┌──
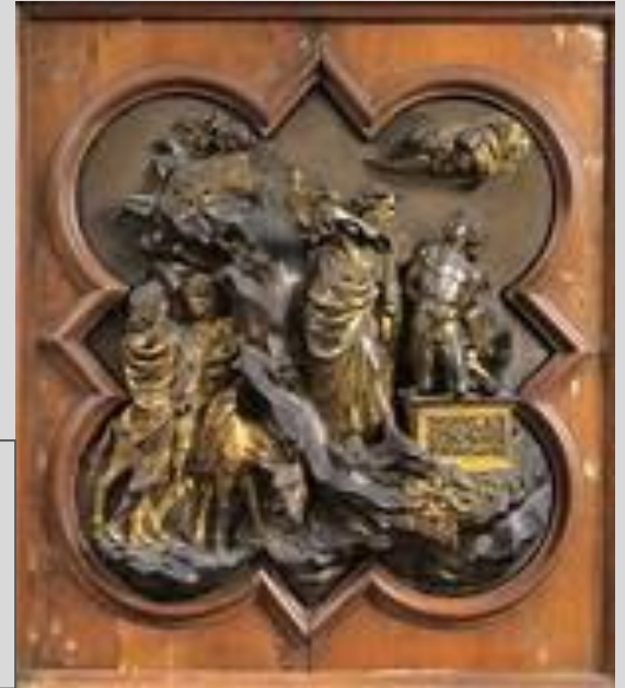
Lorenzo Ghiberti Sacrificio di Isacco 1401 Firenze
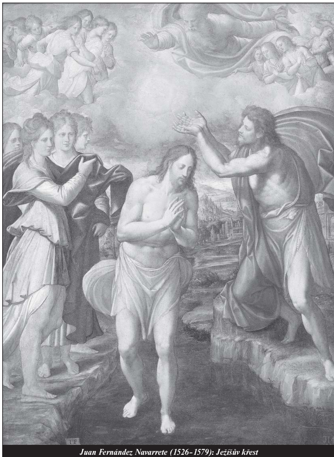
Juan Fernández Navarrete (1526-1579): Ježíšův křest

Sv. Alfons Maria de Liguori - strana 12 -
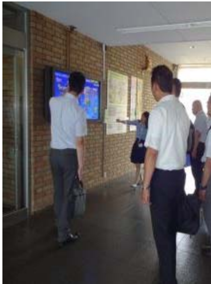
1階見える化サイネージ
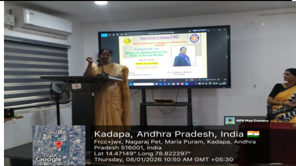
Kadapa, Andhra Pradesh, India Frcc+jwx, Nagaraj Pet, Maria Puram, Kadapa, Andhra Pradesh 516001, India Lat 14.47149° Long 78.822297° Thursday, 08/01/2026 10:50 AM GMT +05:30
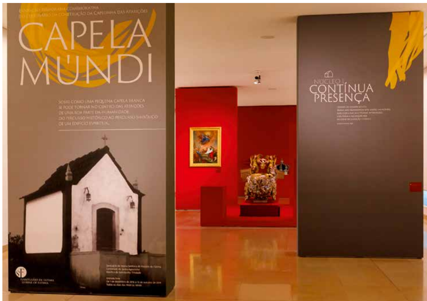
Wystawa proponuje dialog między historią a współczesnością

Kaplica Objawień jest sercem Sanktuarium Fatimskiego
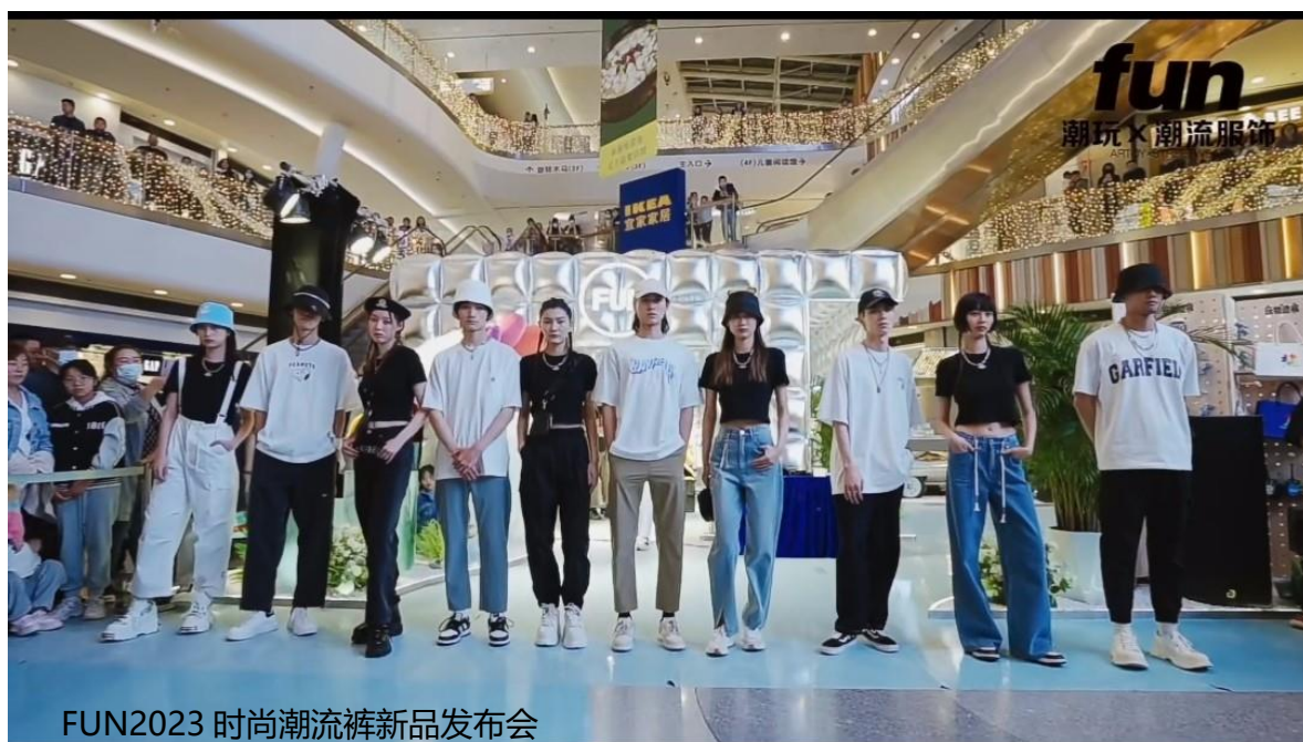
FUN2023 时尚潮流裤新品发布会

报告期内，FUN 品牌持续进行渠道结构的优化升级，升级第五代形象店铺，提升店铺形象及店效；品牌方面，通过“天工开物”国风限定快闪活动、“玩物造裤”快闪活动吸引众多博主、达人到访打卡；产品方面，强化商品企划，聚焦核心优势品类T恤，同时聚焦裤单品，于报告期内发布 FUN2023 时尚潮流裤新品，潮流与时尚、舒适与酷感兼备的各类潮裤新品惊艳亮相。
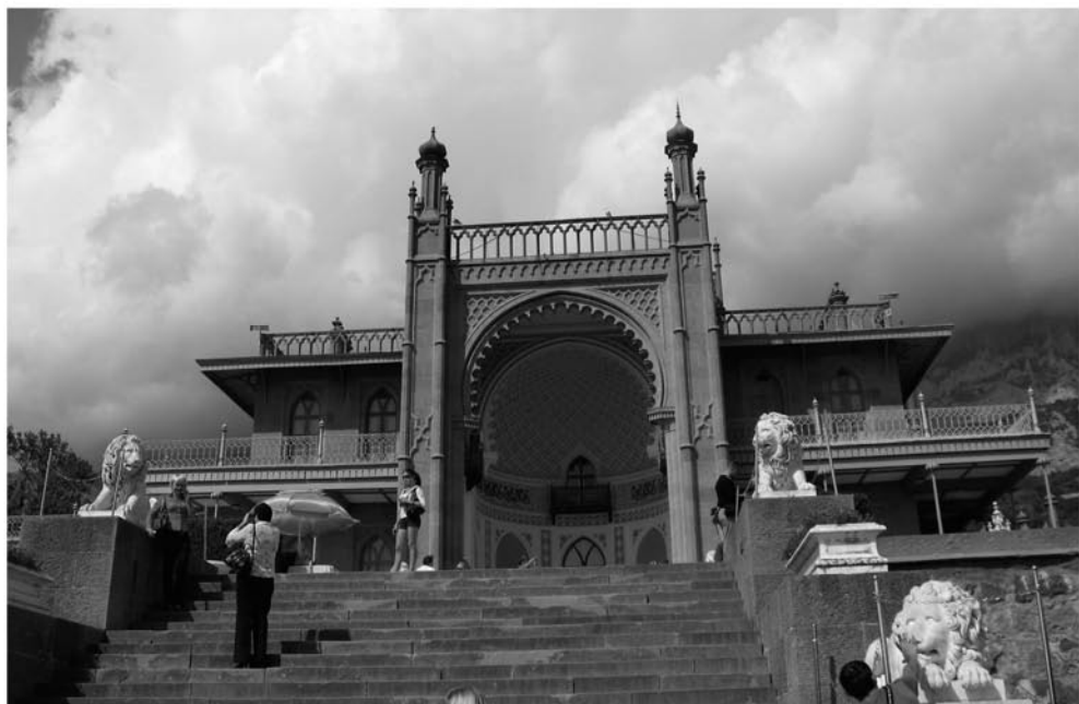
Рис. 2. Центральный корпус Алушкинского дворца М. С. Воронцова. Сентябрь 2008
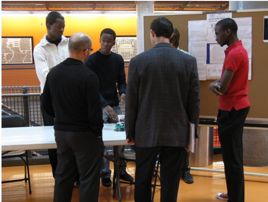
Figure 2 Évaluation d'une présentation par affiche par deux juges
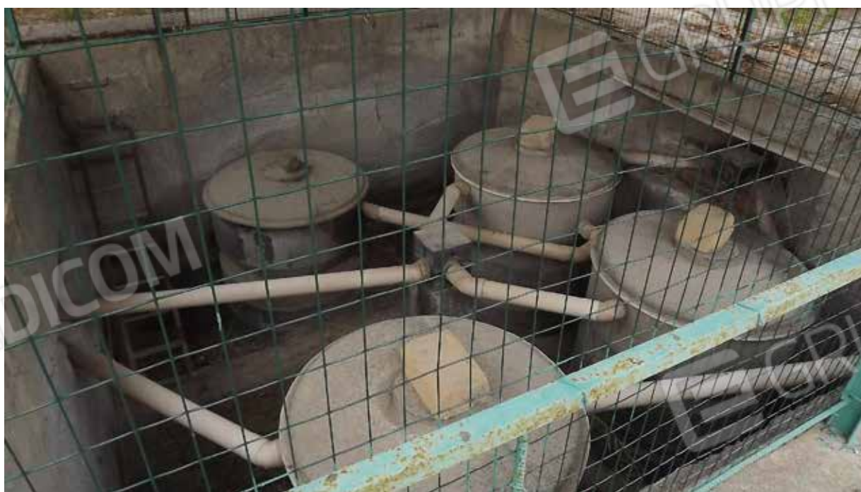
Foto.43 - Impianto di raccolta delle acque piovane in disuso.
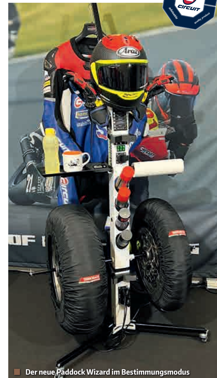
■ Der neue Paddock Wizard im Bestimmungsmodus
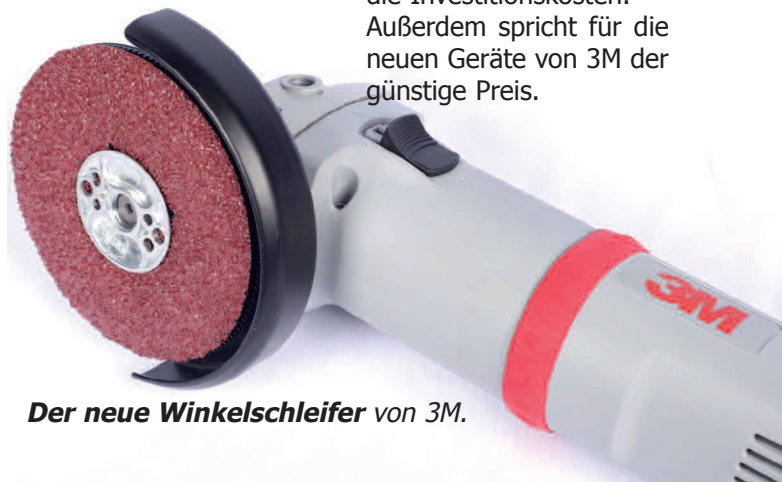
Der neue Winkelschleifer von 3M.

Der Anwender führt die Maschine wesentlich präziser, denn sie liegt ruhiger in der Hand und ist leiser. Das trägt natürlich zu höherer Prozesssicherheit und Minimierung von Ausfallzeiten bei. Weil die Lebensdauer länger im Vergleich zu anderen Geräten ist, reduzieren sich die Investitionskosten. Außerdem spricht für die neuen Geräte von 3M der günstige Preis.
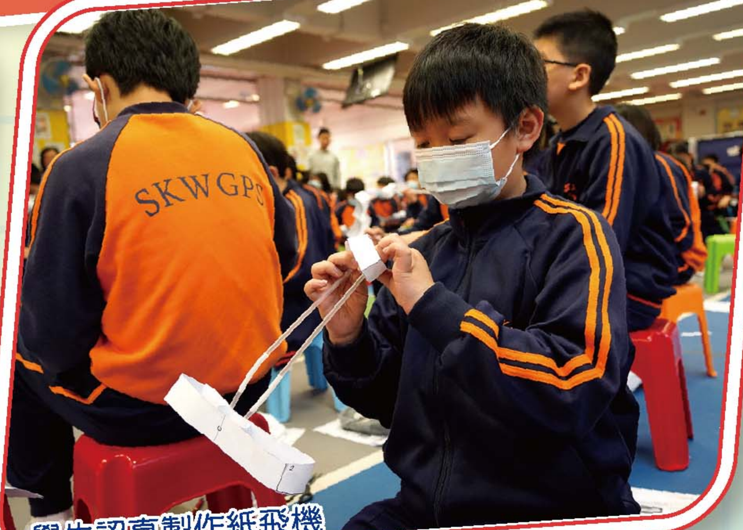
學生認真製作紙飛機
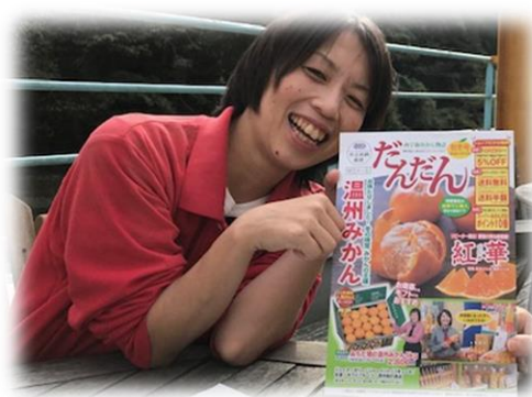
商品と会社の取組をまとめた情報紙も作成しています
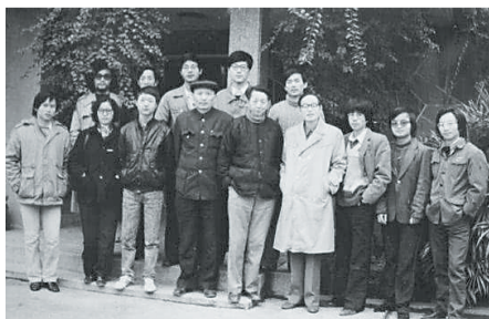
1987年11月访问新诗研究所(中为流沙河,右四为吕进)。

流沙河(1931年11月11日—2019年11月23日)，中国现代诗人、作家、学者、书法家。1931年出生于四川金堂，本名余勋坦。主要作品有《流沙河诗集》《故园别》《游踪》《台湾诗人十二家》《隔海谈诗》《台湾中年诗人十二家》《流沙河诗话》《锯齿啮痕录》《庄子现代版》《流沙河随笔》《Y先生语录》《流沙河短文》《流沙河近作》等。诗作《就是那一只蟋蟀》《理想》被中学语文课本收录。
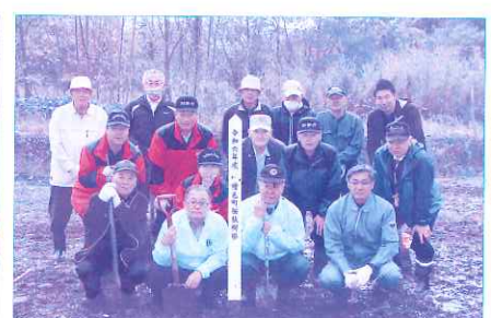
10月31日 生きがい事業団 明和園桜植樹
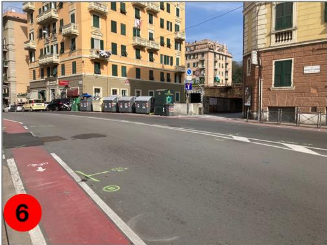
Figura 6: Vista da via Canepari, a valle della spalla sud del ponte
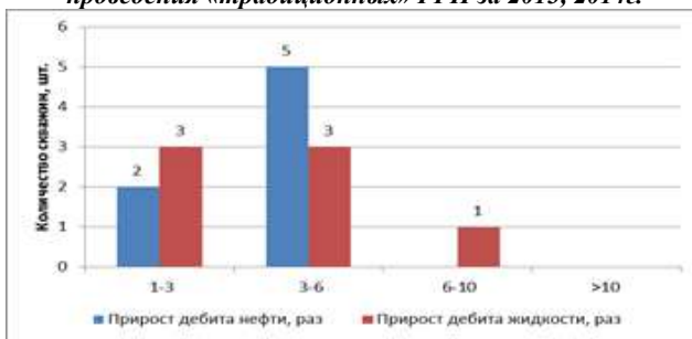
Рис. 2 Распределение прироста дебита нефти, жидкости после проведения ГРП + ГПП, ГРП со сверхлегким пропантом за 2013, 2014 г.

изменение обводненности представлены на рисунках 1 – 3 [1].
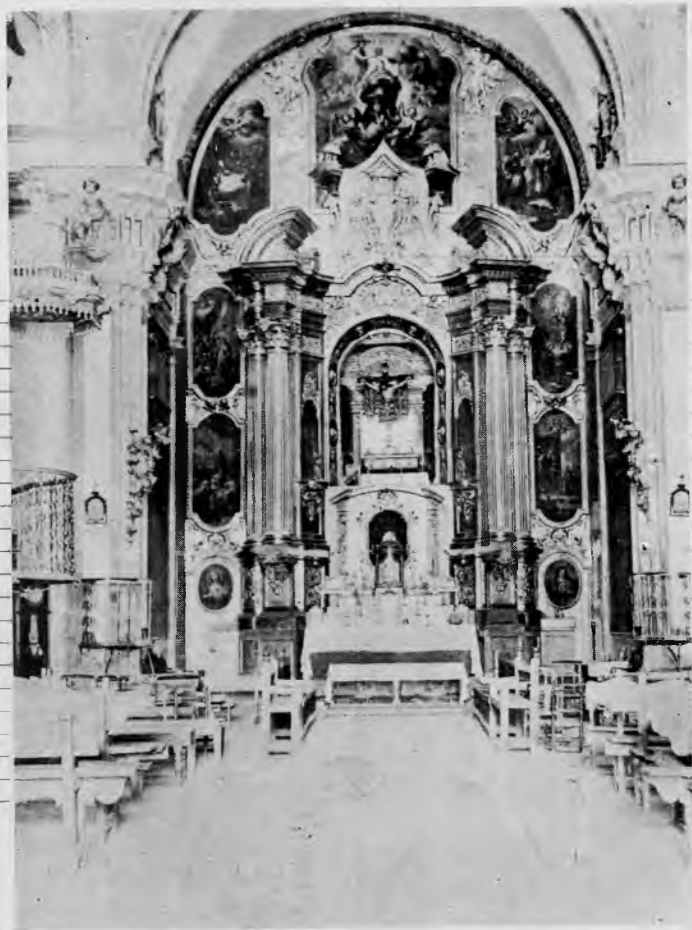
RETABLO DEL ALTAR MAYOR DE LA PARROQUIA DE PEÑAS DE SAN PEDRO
└──
### Task description
Return the records exactly as they stand, and drop every picture.

### Task solution
Lorenzo Ghiberti Sacrificio di Isacco 1401 Firenze
Juan Fernández Navarrete (1526-1579): Ježíšův křest

Sv. Alfons Maria de Liguori - strana 12 -
1階見える化サイネージ
Kadapa, Andhra Pradesh, India Frcc+jwx, Nagaraj Pet, Maria Puram, Kadapa, Andhra Pradesh 516001, India Lat 14.47149° Long 78.822297° Thursday, 08/01/2026 10:50 AM GMT +05:30
Wystawa proponuje dialog między historią a współczesnością

Kaplica Objawień jest sercem Sanktuarium Fatimskiego
FUN2023 时尚潮流裤新品发布会

报告期内，FUN 品牌持续进行渠道结构的优化升级，升级第五代形象店铺，提升店铺形象及店效；品牌方面，通过“天工开物”国风限定快闪活动、“玩物造裤”快闪活动吸引众多博主、达人到访打卡；产品方面，强化商品企划，聚焦核心优势品类T恤，同时聚焦裤单品，于报告期内发布 FUN2023 时尚潮流裤新品，潮流与时尚、舒适与酷感兼备的各类潮裤新品惊艳亮相。
Рис. 2. Центральный корпус Алушкинского дворца М. С. Воронцова. Сентябрь 2008
Figure 2 Évaluation d'une présentation par affiche par deux juges
Foto.43 - Impianto di raccolta delle acque piovane in disuso.
■ Der neue Paddock Wizard im Bestimmungsmodus
Der neue Winkelschleifer von 3M.

Der Anwender führt die Maschine wesentlich präziser, denn sie liegt ruhiger in der Hand und ist leiser. Das trägt natürlich zu höherer Prozesssicherheit und Minimierung von Ausfallzeiten bei. Weil die Lebensdauer länger im Vergleich zu anderen Geräten ist, reduzieren sich die Investitionskosten. Außerdem spricht für die neuen Geräte von 3M der günstige Preis.
學生認真製作紙飛機
商品と会社の取組をまとめた情報紙も作成しています
1987年11月访问新诗研究所(中为流沙河,右四为吕进)。

流沙河(1931年11月11日—2019年11月23日)，中国现代诗人、作家、学者、书法家。1931年出生于四川金堂，本名余勋坦。主要作品有《流沙河诗集》《故园别》《游踪》《台湾诗人十二家》《隔海谈诗》《台湾中年诗人十二家》《流沙河诗话》《锯齿啮痕录》《庄子现代版》《流沙河随笔》《Y先生语录》《流沙河短文》《流沙河近作》等。诗作《就是那一只蟋蟀》《理想》被中学语文课本收录。
10月31日 生きがい事業団 明和園桜植樹
Figura 6: Vista da via Canepari, a valle della spalla sud del ponte
Рис. 2 Распределение прироста дебита нефти, жидкости после проведения ГРП + ГПП, ГРП со сверхлегким пропантом за 2013, 2014 г.

изменение обводненности представлены на рисунках 1 – 3 [1].
RETABLO DEL ALTAR MAYOR DE LA PARROQUIA DE PEÑAS DE SAN PEDRO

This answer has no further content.